## Action item
For the data below, give again exactly the lines from the one containing "رئيس مجلس الوزراء" through the one containing "Moholmen fyrplats med", both ends included, and no others.

## Records for the exercise
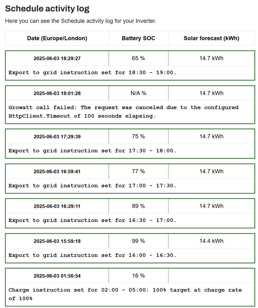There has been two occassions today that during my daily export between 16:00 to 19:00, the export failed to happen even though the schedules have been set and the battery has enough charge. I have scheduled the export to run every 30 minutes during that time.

...

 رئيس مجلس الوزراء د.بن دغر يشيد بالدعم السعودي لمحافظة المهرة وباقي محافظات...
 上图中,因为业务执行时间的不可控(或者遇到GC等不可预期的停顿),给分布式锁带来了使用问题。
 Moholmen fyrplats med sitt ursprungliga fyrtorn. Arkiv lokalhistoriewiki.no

## Task solution
 رئيس مجلس الوزراء د.بن دغر يشيد بالدعم السعودي لمحافظة المهرة وباقي محافظات...
 上图中,因为业务执行时间的不可控(或者遇到GC等不可预期的停顿),给分布式锁带来了使用问题。
 Moholmen fyrplats med sitt ursprungliga fyrtorn. Arkiv lokalhistoriewiki.no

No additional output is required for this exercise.